Kinetics of the Ag-specific CD8 T-cell response after bacterial infection was not altered in the absence of IL-18R or IL-18. In order to determine if IL-18 receptor signaling or IL-18 itself was required for the expansion, contraction, or memory generation of Ag-specific CD8 T cells, mice deficient in these molecules were infected with actA-deficient LM-OVA, and the response to OVA_257-264 was monitored using peptide-stimulated ICS for IFN-. No infected IL-18R^–/– mice died from infection with this attenuated strain of L. monocytogenes, unlike Wt mice treated with anti-IL-18Rβ antibody and infected with a virulent L. monocytogenes strain (31). We also observed no death of IL-18R1^–/– mice in a small experiment in which four mice received a primary infection consisting of 0.1 LD₅₀ (1 x 10⁴ CFU) of virulent LM-OVA (data not shown).

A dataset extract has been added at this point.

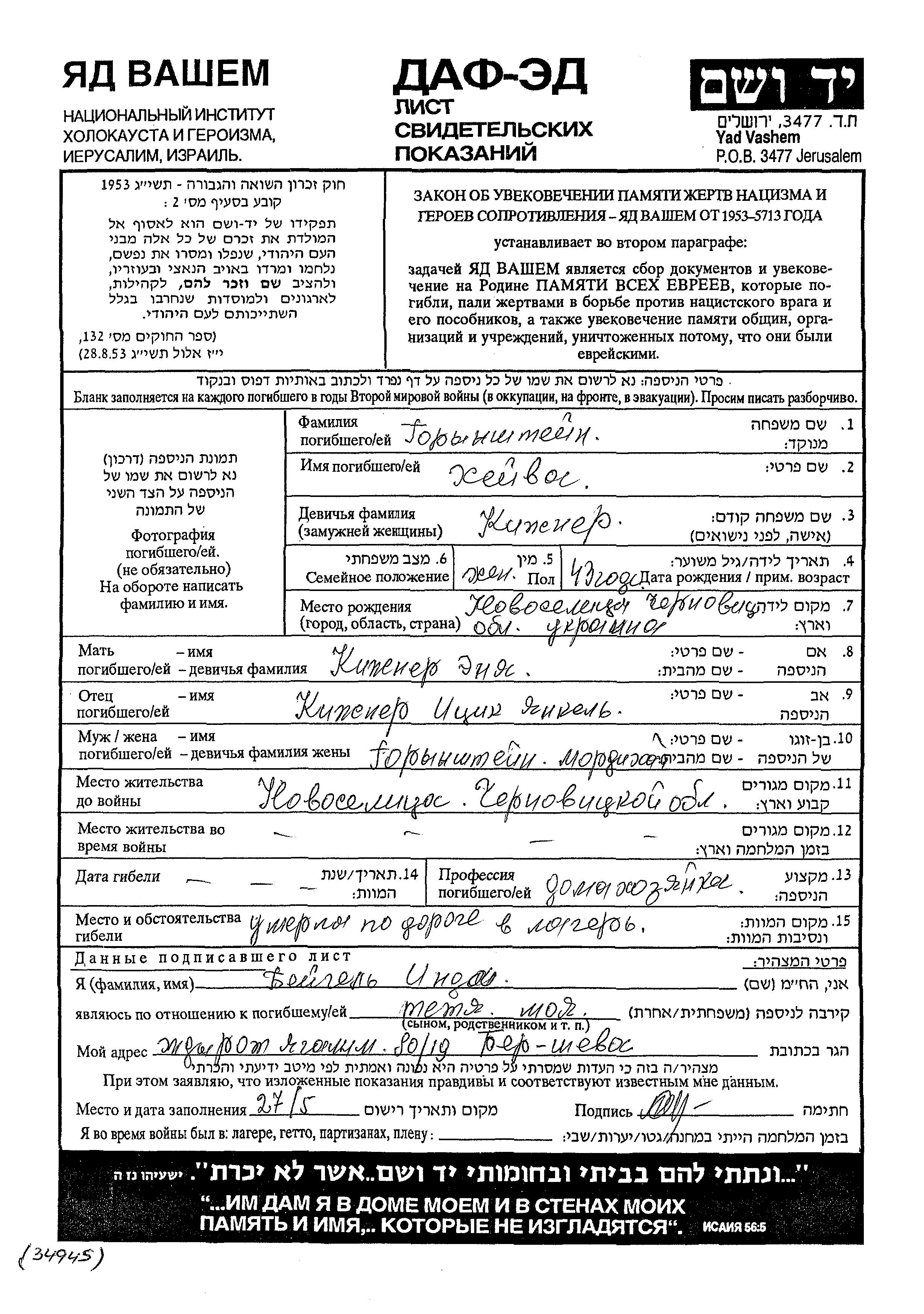 Хейва Горинштейн, девичья фамилия Кижнер, место рождения: Новоселица, Румыния. Отец: Ицик Янкель, mать:Эня. Домохозяйка. Женат / замужем. Место жительства до войны: Новоселица, Румыния.

Our results support a recent study in which the authors demonstrated equal or less susceptibility to virulent Listeria infection in IL-18^–/– mice or Wt mice treated with anti-IL-18 antibodies (27).

Figure 1A shows representative examples of OVA_257-264-stimulated ICS for IFN- on splenocytes harvested from Wt B6 and IL-18R^–/– mice on day 7 after infection with actA-deficient LM-OVA. OVA_257-264-specific CD8 T cells were present in IL-18R^–/– mice, indicating that signaling through this receptor is not required for generation of Ag-specific CD8 T cells following L. monocytogenes infection. Slightly higher frequencies of OVA_257-264-specific CD8 T cells were detected in Wt B6 mice; however, this did not translate into a statistically higher number of OVA_257-264-specific CD8 T cells in the spleen compared to the number in IL-18R^–/– mice on day 7 p.i. (Fig. 1B). The numbers of OVA_257-264-specific CD8 T cells declined from day 7 to day 14 p.i. at the same rate in Wt B6 and IL-18R^–/– mice; therefore, signaling through the IL-18 receptor was dispensable for contraction of Ag-specific CD8 T cells (Fig. 1B). The number of memory OVA_257-264-specific CD8 T cells was maintained over time until day 72 p.i., indicating that IL-18R is also not required for homeostatic maintenance of memory Ag-specific CD8 T cells (Fig. 1B).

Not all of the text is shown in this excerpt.